Exercise instructions: Transcribe the listing in full, excluding any pictures.

Given data:
━━━━━━━━
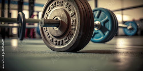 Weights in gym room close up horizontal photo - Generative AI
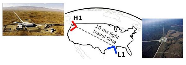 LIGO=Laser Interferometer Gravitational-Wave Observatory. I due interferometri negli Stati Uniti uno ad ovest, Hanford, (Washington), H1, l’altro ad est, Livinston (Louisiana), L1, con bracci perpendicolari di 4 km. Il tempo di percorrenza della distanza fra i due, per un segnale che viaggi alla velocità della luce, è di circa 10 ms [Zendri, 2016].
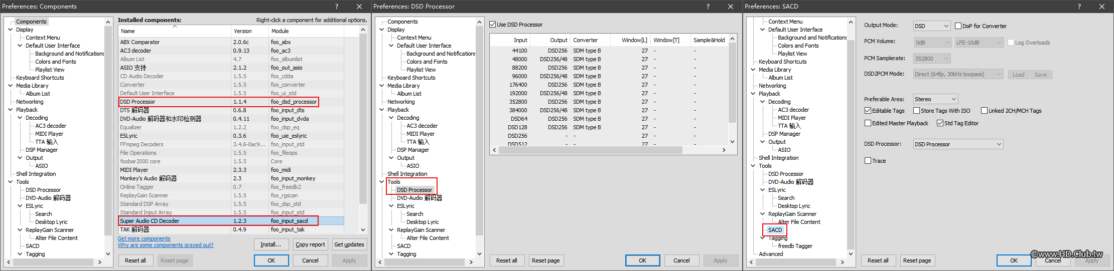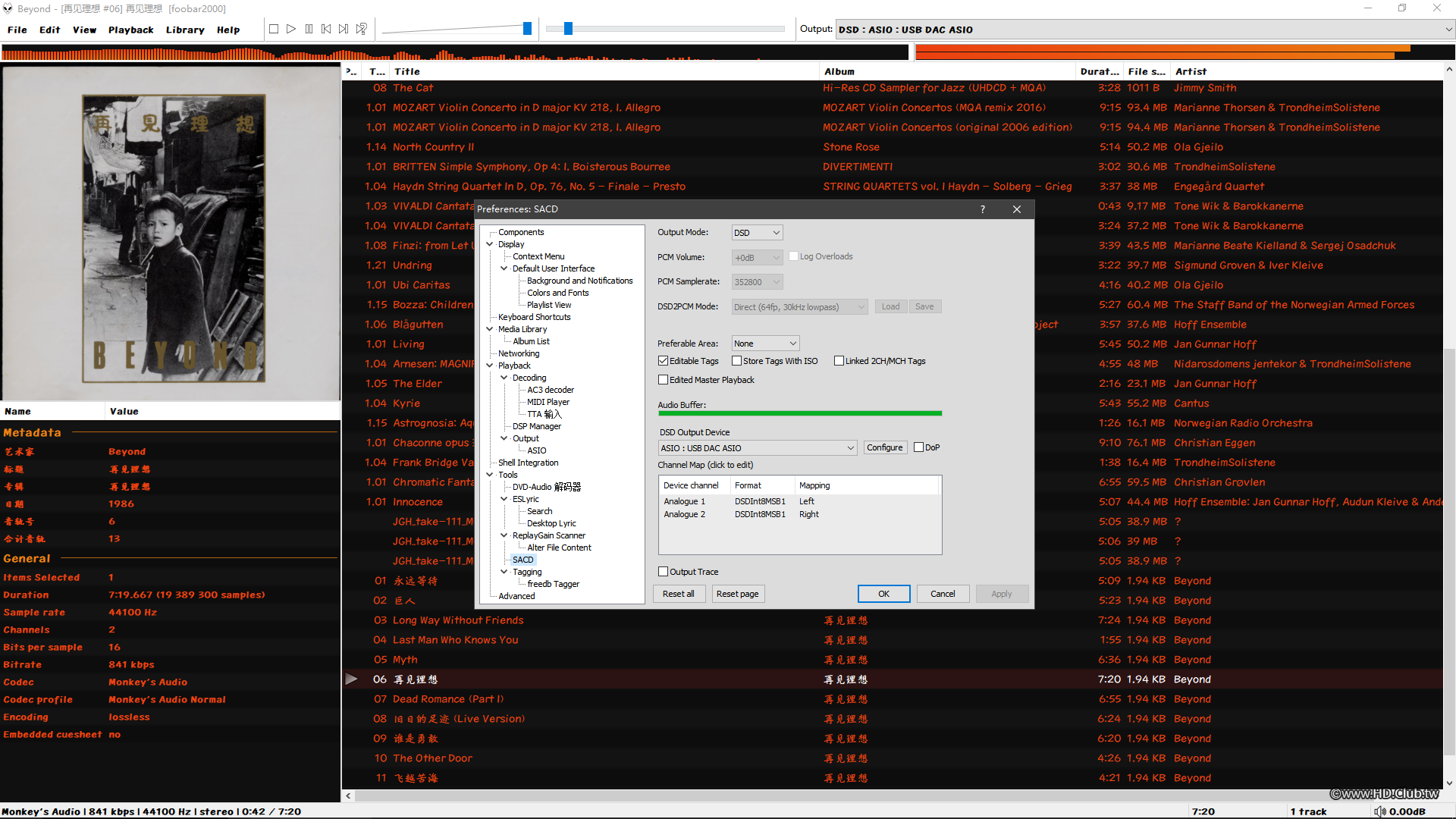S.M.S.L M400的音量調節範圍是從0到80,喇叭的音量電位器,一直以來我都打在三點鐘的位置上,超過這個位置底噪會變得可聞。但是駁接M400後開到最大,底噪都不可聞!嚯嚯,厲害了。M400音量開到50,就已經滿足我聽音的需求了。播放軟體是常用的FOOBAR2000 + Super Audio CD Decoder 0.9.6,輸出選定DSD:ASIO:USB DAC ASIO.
━━━━━━━━
Expected output:
 Weights in gym room close up horizontal photo - Generative AI
 LIGO=Laser Interferometer Gravitational-Wave Observatory. I due interferometri negli Stati Uniti uno ad ovest, Hanford, (Washington), H1, l’altro ad est, Livinston (Louisiana), L1, con bracci perpendicolari di 4 km. Il tempo di percorrenza della distanza fra i due, per un segnale che viaggi alla velocità della luce, è di circa 10 ms [Zendri, 2016].
S.M.S.L M400的音量調節範圍是從0到80,喇叭的音量電位器,一直以來我都打在三點鐘的位置上,超過這個位置底噪會變得可聞。但是駁接M400後開到最大,底噪都不可聞!嚯嚯,厲害了。M400音量開到50,就已經滿足我聽音的需求了。播放軟體是常用的FOOBAR2000 + Super Audio CD Decoder 0.9.6,輸出選定DSD:ASIO:USB DAC ASIO.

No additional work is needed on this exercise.